## Directions for this task
Only an exact copy is wanted: the lines from the one holding "包酒店KTV歡唱 電動麻將任玩 純玩3天" through the last line below, minus the pictures.

## Data
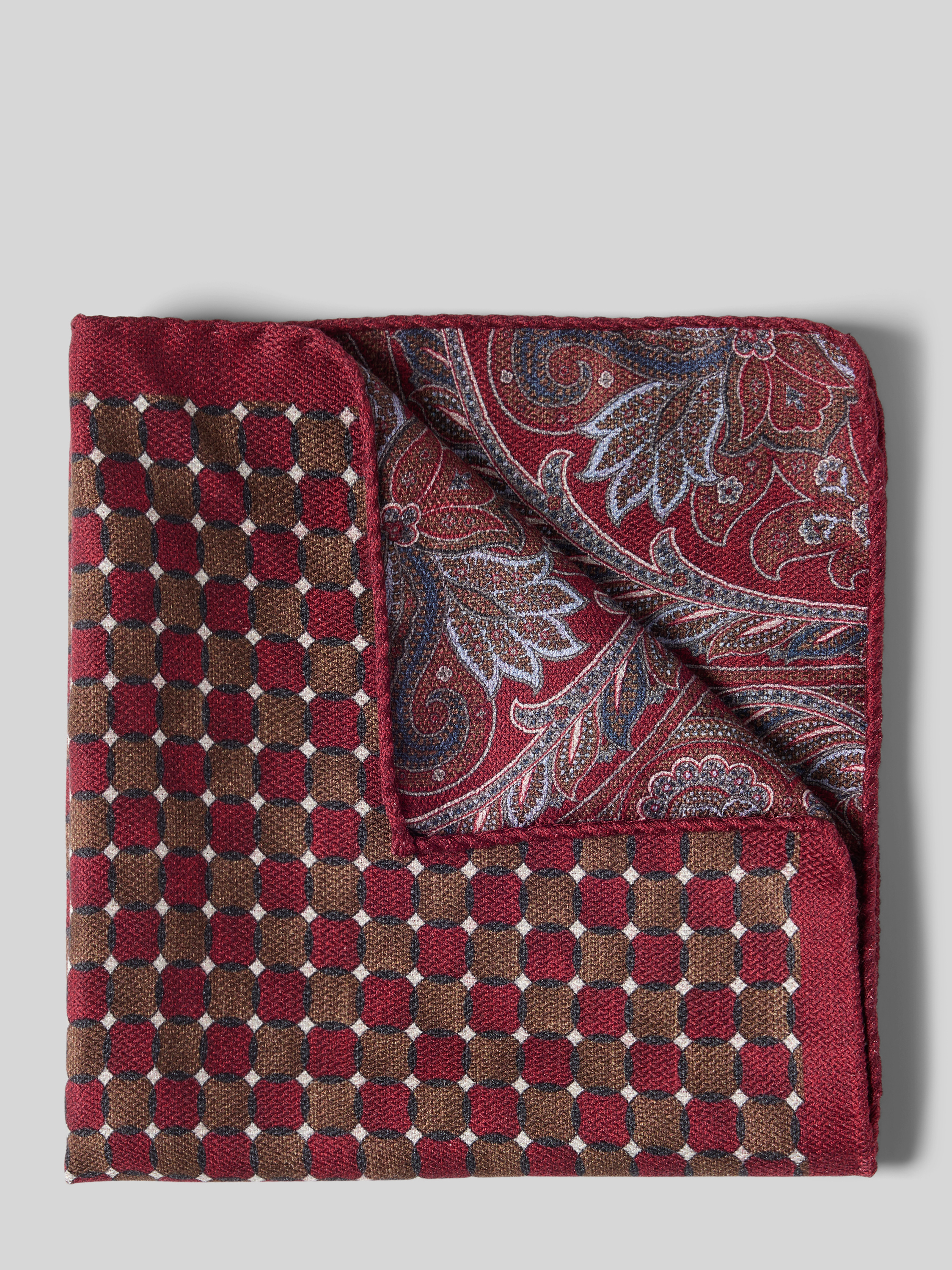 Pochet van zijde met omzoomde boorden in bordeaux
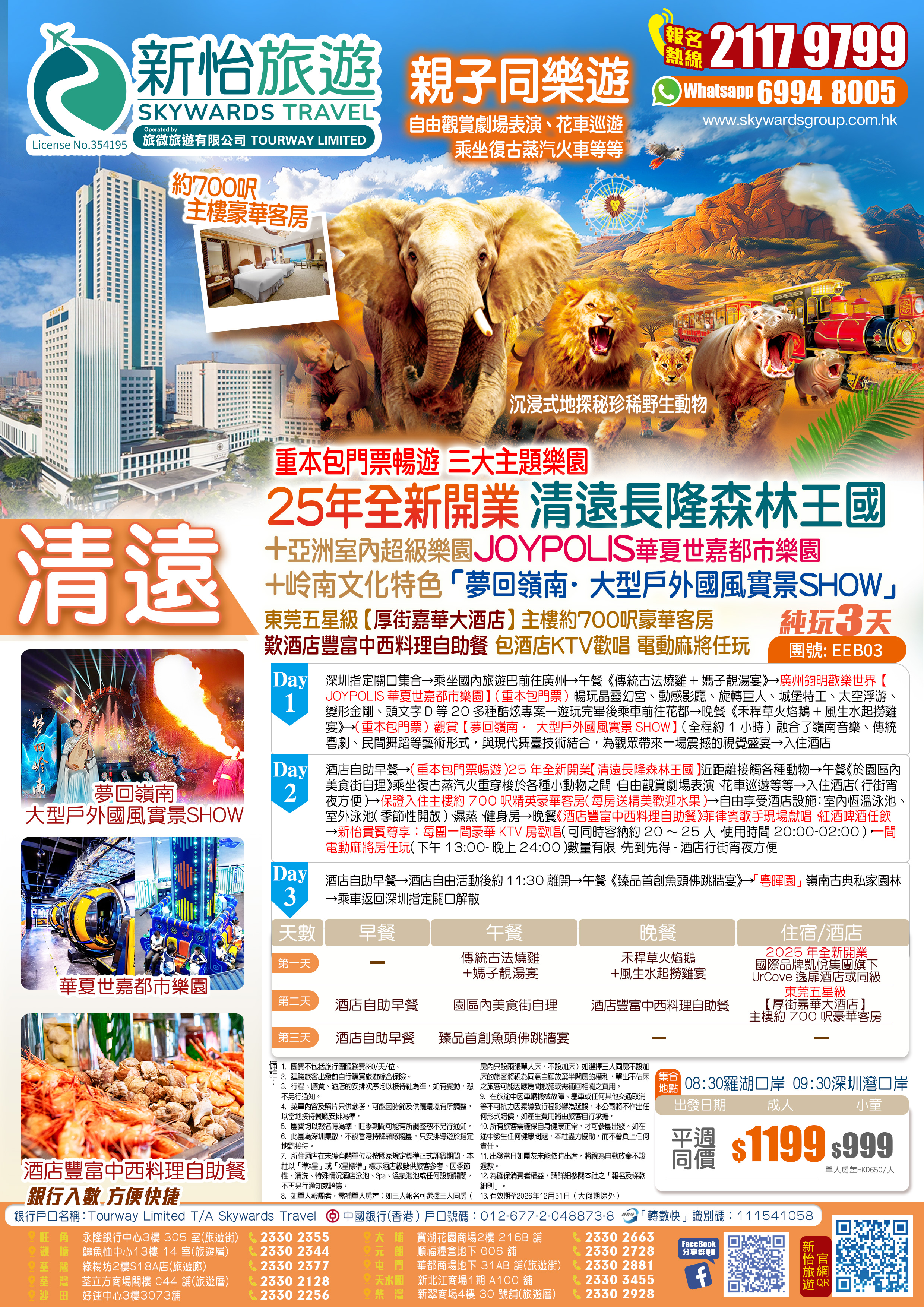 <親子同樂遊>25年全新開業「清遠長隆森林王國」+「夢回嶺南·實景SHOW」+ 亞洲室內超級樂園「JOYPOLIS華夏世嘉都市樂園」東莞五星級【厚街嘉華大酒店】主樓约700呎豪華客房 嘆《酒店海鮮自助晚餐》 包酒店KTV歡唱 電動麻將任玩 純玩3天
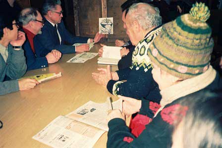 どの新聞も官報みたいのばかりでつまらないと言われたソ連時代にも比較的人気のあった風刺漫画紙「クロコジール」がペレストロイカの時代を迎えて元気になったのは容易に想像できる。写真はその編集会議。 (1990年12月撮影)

## Result of this task
 <親子同樂遊>25年全新開業「清遠長隆森林王國」+「夢回嶺南·實景SHOW」+ 亞洲室內超級樂園「JOYPOLIS華夏世嘉都市樂園」東莞五星級【厚街嘉華大酒店】主樓约700呎豪華客房 嘆《酒店海鮮自助晚餐》 包酒店KTV歡唱 電動麻將任玩 純玩3天
 どの新聞も官報みたいのばかりでつまらないと言われたソ連時代にも比較的人気のあった風刺漫画紙「クロコジール」がペレストロイカの時代を迎えて元気になったのは容易に想像できる。写真はその編集会議。 (1990年12月撮影)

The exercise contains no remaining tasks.